Question

Suppose I want to convert "\xBD" to UTF-8.

If I use pack & unpack, I'll get ½:

puts "\xBD".unpack('C*').pack('U*')    #=> ½

as "\xBD" is ½ in ISO-8859-1.

BUT "\xBD" is œ in ISO-8859-9.

My question is: why pack used ISO-8859-1 instead of ISO-8859-9 to convert the char to UTF-8? Is there some way to configure that character encoding?

I know I can use Iconv in Ruby 1.8.7, and String#encode in 1.9.2, but I'm curious about pack because I use it in some code.

Was it helpful?

Solution

This actually has nothing to do with how \xBD is represented in ISO-8859-x. The critical part is the pack into UTF-8.

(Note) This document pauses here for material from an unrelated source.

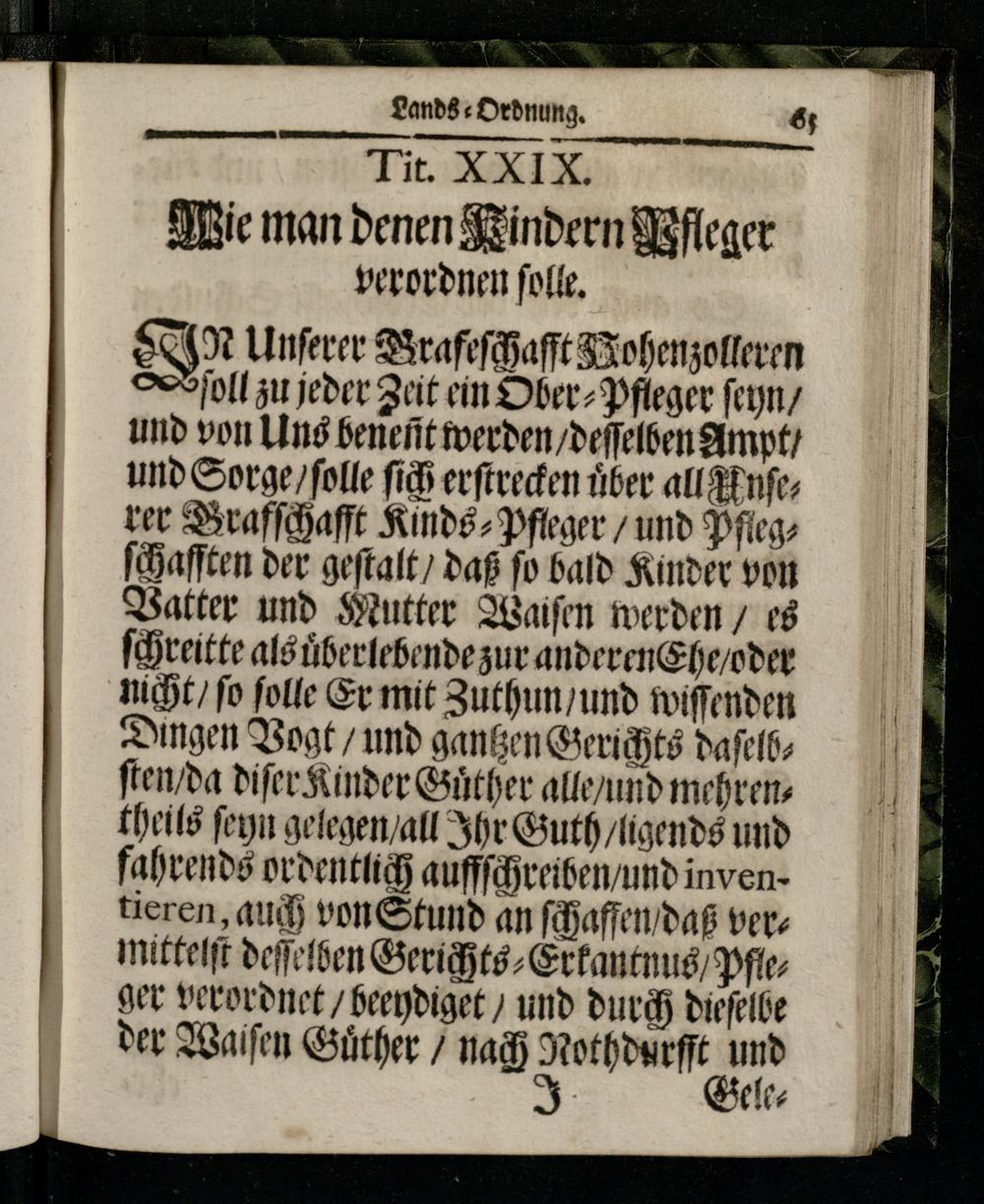 Lands: Ordnung. 65 Tit. XXIX. Wie man denen Rindern Mfleger
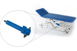 | 診察台の高さ調整に使用されています。 油圧手動式のため電気の供給が無い場所で使用できます。 消毒液、洗剤、腐食に対して耐性を備えていますので医療現場にも最適です。 |

The pack receives [189]. The code point 189 is defined in UTF-8 (more precisely, Unicode) as being ½. Don't think of this as the Unicode spec writers for "preferring" ISO-8859-1 over ISO-8859-9. They had to make a choice of what code point represented ½ and they just chose 189.

Since you're trying to learn more about pack/unpack, let me explain more:

When you unpack with the C directive, ruby interprets the string as ascii-8bit, and extracts the ascii codes. In this case \xBD translates to 0xBD a.k.a. 189. This is a really basic conversion.

When you pack with the U directive, ruby will look up in its UTF-8 translation table to see what codepoints map to each of the integers in the array.

pack/unpack have very specific behavior depending on the directives you provide it. I suggest reading up on ruby-doc.org. Some of the directives still don't make sense to me, so don't be discouraged.